◆ Aim of the exercise ◆
Would you please repeat exactly the entries below, starting at the line with "为宣传贯彻党的十九届六中全会" and ending at the line with "Nrf2 translocation from", and nothing outside that range? Leave out the pictures.

+++ Recorded information

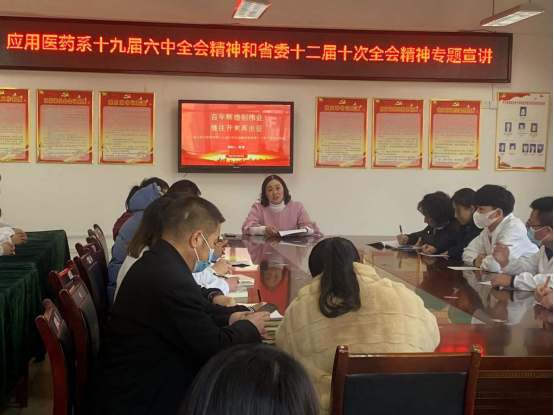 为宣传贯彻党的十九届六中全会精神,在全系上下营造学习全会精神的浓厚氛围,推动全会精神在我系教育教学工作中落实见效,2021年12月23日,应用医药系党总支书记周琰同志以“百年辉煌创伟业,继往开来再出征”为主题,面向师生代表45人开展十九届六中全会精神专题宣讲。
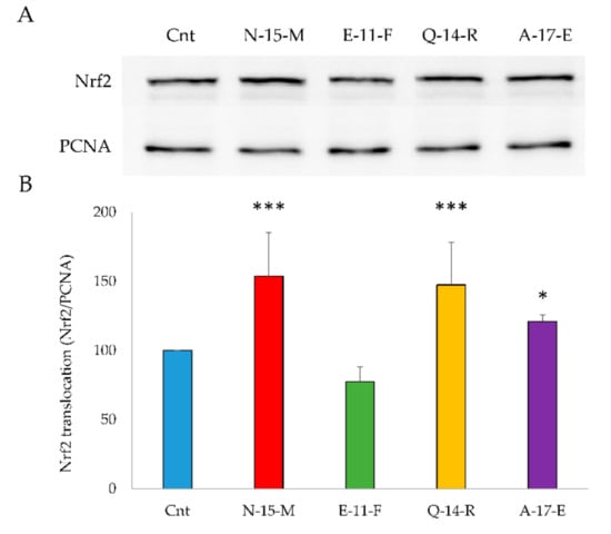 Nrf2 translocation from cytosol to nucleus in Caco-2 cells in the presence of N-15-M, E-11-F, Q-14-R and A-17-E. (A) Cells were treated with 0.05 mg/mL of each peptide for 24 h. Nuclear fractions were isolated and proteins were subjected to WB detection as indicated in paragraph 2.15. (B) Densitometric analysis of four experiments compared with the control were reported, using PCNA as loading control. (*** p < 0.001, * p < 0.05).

++++++
+++ Recorded information

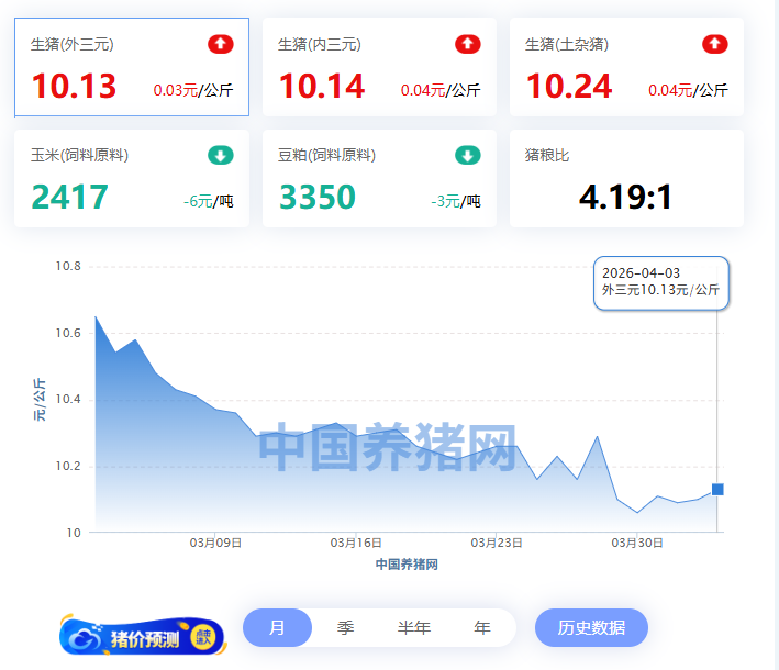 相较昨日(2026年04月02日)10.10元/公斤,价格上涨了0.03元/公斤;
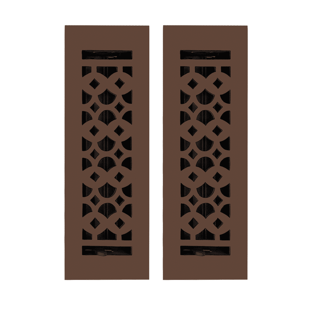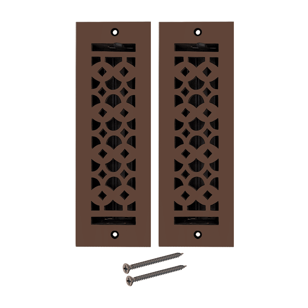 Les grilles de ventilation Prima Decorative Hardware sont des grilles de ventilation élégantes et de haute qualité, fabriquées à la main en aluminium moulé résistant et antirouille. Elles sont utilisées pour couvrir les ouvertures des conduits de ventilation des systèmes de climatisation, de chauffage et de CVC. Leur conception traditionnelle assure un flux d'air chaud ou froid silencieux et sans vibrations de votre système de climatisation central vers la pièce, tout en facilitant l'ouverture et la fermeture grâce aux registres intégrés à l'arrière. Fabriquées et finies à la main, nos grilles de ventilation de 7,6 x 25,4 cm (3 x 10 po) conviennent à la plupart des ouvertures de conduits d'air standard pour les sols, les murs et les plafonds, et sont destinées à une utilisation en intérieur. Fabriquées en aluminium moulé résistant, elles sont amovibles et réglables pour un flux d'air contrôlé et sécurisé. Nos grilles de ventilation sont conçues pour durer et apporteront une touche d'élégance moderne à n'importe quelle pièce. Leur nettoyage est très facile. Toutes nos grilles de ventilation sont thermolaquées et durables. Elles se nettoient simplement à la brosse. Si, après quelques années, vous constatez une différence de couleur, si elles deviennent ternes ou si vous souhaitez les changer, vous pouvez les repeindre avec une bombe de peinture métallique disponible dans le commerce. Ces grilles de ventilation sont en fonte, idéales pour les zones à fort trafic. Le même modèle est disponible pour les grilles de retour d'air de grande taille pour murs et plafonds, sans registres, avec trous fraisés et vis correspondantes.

++++++

◆ Result ◆
 为宣传贯彻党的十九届六中全会精神,在全系上下营造学习全会精神的浓厚氛围,推动全会精神在我系教育教学工作中落实见效,2021年12月23日,应用医药系党总支书记周琰同志以“百年辉煌创伟业,继往开来再出征”为主题,面向师生代表45人开展十九届六中全会精神专题宣讲。
 Nrf2 translocation from cytosol to nucleus in Caco-2 cells in the presence of N-15-M, E-11-F, Q-14-R and A-17-E. (A) Cells were treated with 0.05 mg/mL of each peptide for 24 h. Nuclear fractions were isolated and proteins were subjected to WB detection as indicated in paragraph 2.15. (B) Densitometric analysis of four experiments compared with the control were reported, using PCNA as loading control. (*** p < 0.001, * p < 0.05).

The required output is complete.